Frequently Asked Questions

 
What is a datamart?

A datamart is a place where you can go on-line to obtain a variety of health related data, stratified or broken-down by a variety of demographic factors, such as age, race, gender, and/or geographic area. These data can be used for a variety of purposes such as research, community based health assessments, developing grant proposals,community benefit plans, data based decision making, or program evaluation.


What is the source of the data?

The Birth and Death Data are from the Vital Statistics Division of the Marion County Health Department, Indianapolis, Indiana. All Marion County resident birth and deaths are included in these data sets. The data are provided for both zipcode and census tract geographic areas. Out of county residents who deliver or die in one of Marion County's hospitals are not included in these datasets. The 1999 Death data are based on the new International Classification of Disease 10 (ICD-10) codes. Previous years used the ICD-9 codes. There are major differences between these two coding schemes. We have attempted to group the 1999 death data in such a manner that comparisons can be made with earlier years of data. Currently, there is no national guidance as to how ICD-10 codes should be grouped to make them completely compatible with ICD-9 codes. Therefore, the manner in which our 1999 death data are grouped is subject to change once guidance is provided by the National Center for Health Statistics. If you would like to see our disease groupings, please contact us at datamart@hhcorp.org and we would be happy to provide you a copy.

The Cancer Incidence data are from the Indiana State Cancer Registry. Indiana law requires all physicians, hospitals, and laboratories to report to the Indiana State Department of Health all newly identified and confirmed cases of cancer. This dataset includes all of the newly identified cancer cases in Marion County Residents.

The Indiana Health and Hospital Association and the Indiana State Department of Health provide the Hospital Discharge Data and Inpatient Hospital Procedures Data. Data on all hospital admissions resulting in a hospital stay of at least 24 hours to Marion County residents are included. The primary diagnosis is used to stratify the data. The primary procedures performed are included in the Hospital Inpatient Procedures section.

The Communicable Disease data are from the case reports from the Communicable Disease Control Program, the HIV/AIDS Program, the Immunization Program, the STD Control Program, and the Tuberculosis Control Program of the Marion County Health Department. These data are reported on a calendar year basis and not CDC reporting weeks.

The Indiana State Department of Health provides the Behavioral Risk Factor Surveillance System Data (BRFSS). The BRFSS program randomly contacts approximately 2,400 Indiana households and asks them questions regarding health activities and risk behaviors. The number of individuals called in a specific geographic area is based on the size of the underlying population. Since approximately 20 percent of the population of Indiana resides in Marion County, sufficient numbers of Marion County residents are called to permit the stratification and appropriate weighting of the data for only Marion County Residents. The BRFSS data are grouped by major risk factors. After selecting the risk factor you interested in, the actual question asked of study participants will appear. Select the study question on which you would like information and continue to determine how your table of information will be broken down, such as by age, race, or gender.

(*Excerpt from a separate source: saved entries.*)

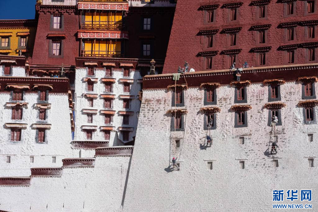 10月30日,布達拉宮管理處工作人員開展例行“潑甜墻”,對外墻進行粉刷。新華社記者旦增尼瑪曲珠 攝
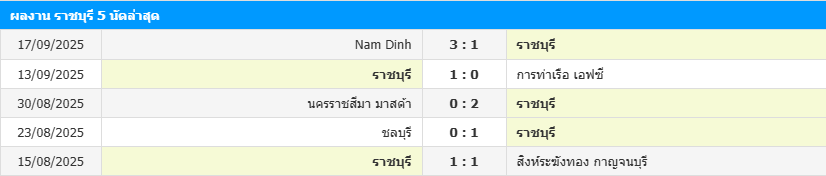 สถิติ 5 เกมหลังสุดของ ราชบุรี เอฟซี
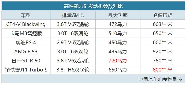CT4-V Blackwing定位为B级性能车,该车换装了一台3.6T V6双涡轮增压发动机,经过工程师的重新调校后,其最大功率达到了472马力,峰值扭矩603牛·米。我们可以拿来跟宝马M3、奥迪RS 4或者AMG 53系列做个对比,通用的这台3.6T V6虽然排量优势明显,但似乎升功率的数据并不算突出,起码升功率远不如宝马的S58六缸引擎(雷霆版),更别说V6中的王者——日产GT-R(排量相近)。
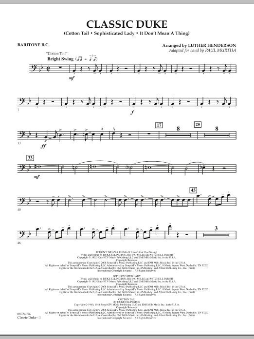 Download or print Paul Murtha Classic Duke - Baritone B.C. sheet music, chords and digital score arranged for Concert Band. This Concert score includes 4 page(s).
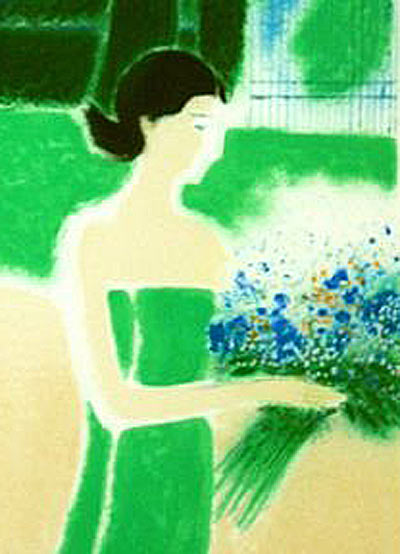 爽やかな色彩で描かれた花束の、細やかな表情が美しい作品です。
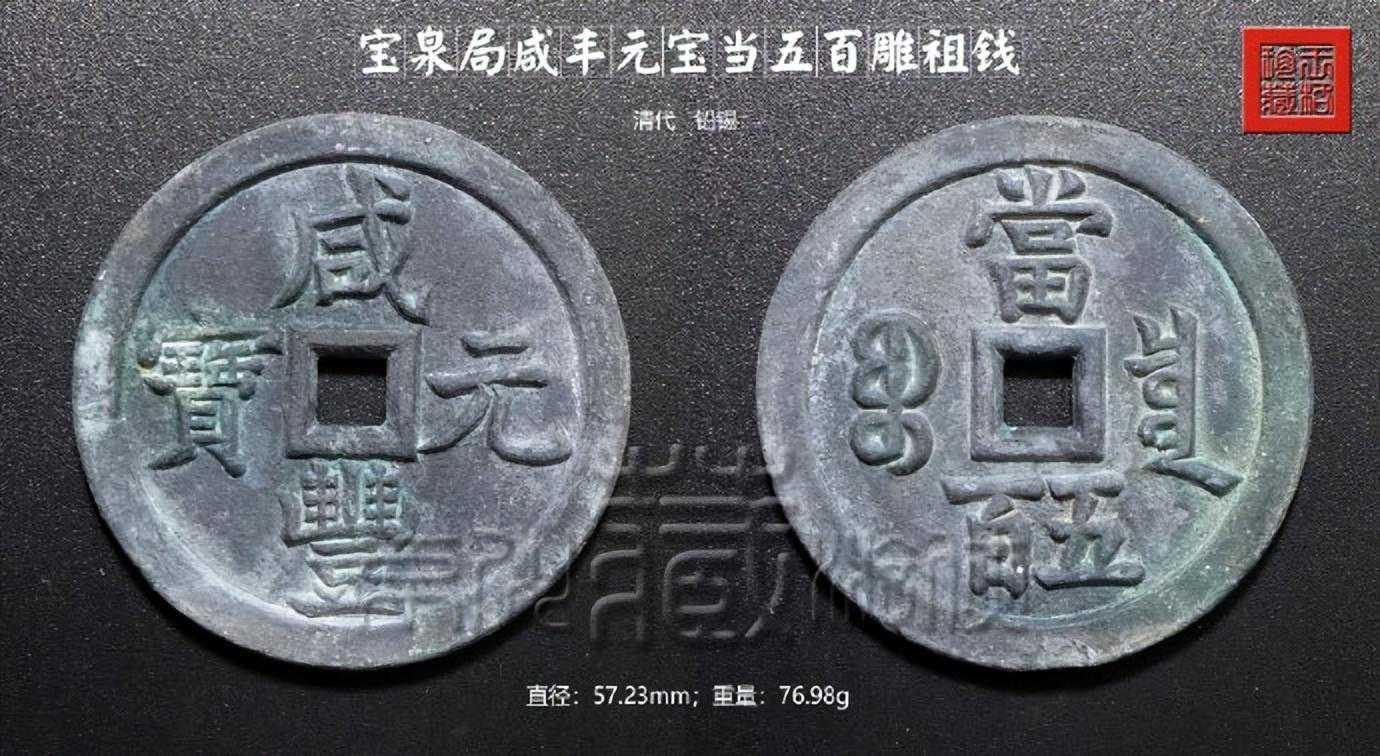清咸丰年间,中央和地方官钱局纷纷开铸五十、百、千大面值钱币。因此,这期间采用铅锡快速做成雕祖钱或者样钱也成为一种似乎必然的选择。马定祥先生在其《咸丰泉汇》一书中曰:“……内有宝泉、宝源铅样全套,精美无比,惜钱拓在‘文革’期间散失,祖钱中与定式互异者,乃未经入选之品,更为珍稀”之说。这说明,在咸丰年间至少他已见宝泉局铅质祖钱或样钱。
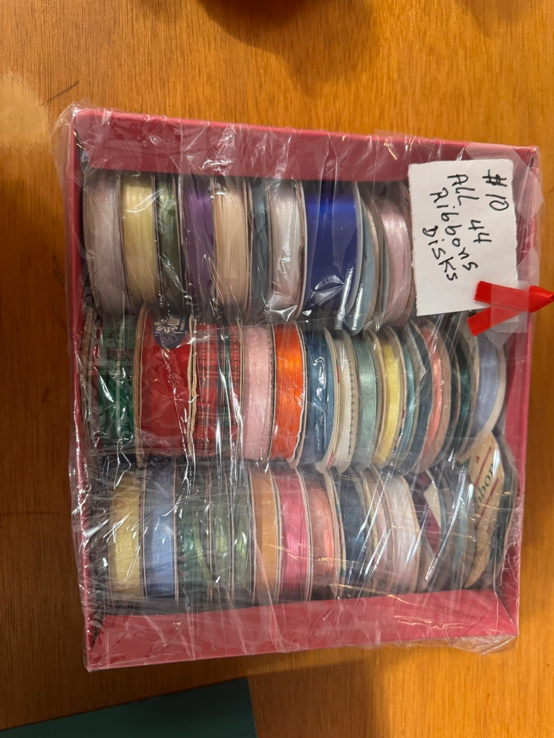 I have a lot of ribbon disks for sale! There are 70 ribbons in various colors and textures. Comes in a box, perfect for crafting or gift wrapping, the ones in bags have written measurements on it - measured in yards. I also have more ribbons I will be adding to my listings as well. And sewing machines.
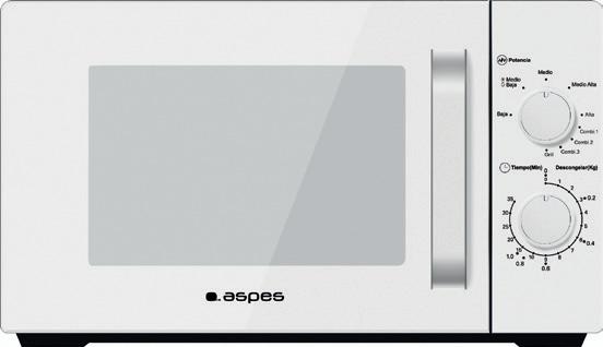 Para una cocina sencilla y rápida nada mejor que un microondas y Aspes propone dos modelos de libre instalación, con control electrónico y 20 l de capacidad. Se trata de AMW120BE, con 700 W de potencia y 5 programas de cocción (bajo, medio, alto, medio-bajo y medio-alto); y de AMW120BEG, con grill, potencia de 700 W y 1.000 W el grill, y con 9 programas de cocción: 5 niveles de potencia, combi 1, combi 2, combi 3 y grill. Ambos modelos disponen de luz Led interior (reemplazable), plato giratorio de cristal temporizador electrónico 0-35 minutos y función descongelación por peso. Además, incluyen tapadera de plástico y el AMW120BEG suma soporte rejilla metálica. En cuanto a diseño, disponen de puerta en blanco espejo, tirador inox e interior gris.
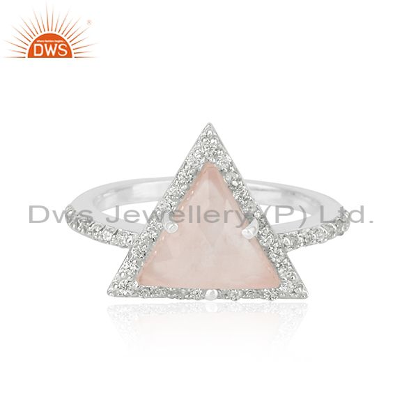 CZ Rose Quartz Gemstone Triangle Shape Sterling Silver Ring Jewelry

How do I use the Datamart?

The datamart is very easy to use. First identify the dataset you would like to query. Next select the key row and column factors you would like in your data table. Then select the year or years of data you would like to access, and select the geographic area on which you want information. Next highlight whether you want just frequencies, or frequencies and the type of percentages you would like, row or column, or whether you would like age adjusted rates (available in some datasets). Next just identify the risk factor or factors, or the cause of death that you would like to study. You can select more than one. Please remember the data are provided in several levels, beginning with the most general going to more specific data. Anytime a disease group appears in blue, there is additional information that may be obtained by drilling down.

How many cases have to be present to release the confidentiality control?

The confidentiality block is an attempt to help stabilize the data and prevent spurious associations due to great statistical variability in the underlying rates of disease. The statistical variability is due to small numbers of cases. Generally it takes at least 3 cases to release the confidentiality block. You can increase the number of cases for each outcome variable by combining multiple years of data, multiple zipcodes, and/or multiple census tracts.

How do I download the data?

Clicking on the download button will download the data. You can then rename the file to your liking and change the file extension to what you would like. The system automatically assigns a "cgi" extension, however we would recommend making the file a "txt" file. To do this,type in the file name you choose followed by .txt. If you give your file a "txt" extension, it can easily be imported into another program such as Word, Excel, Access, SAS or anyother software program you may be using.

How do I obtain data on multiple zipcodes or census tracts?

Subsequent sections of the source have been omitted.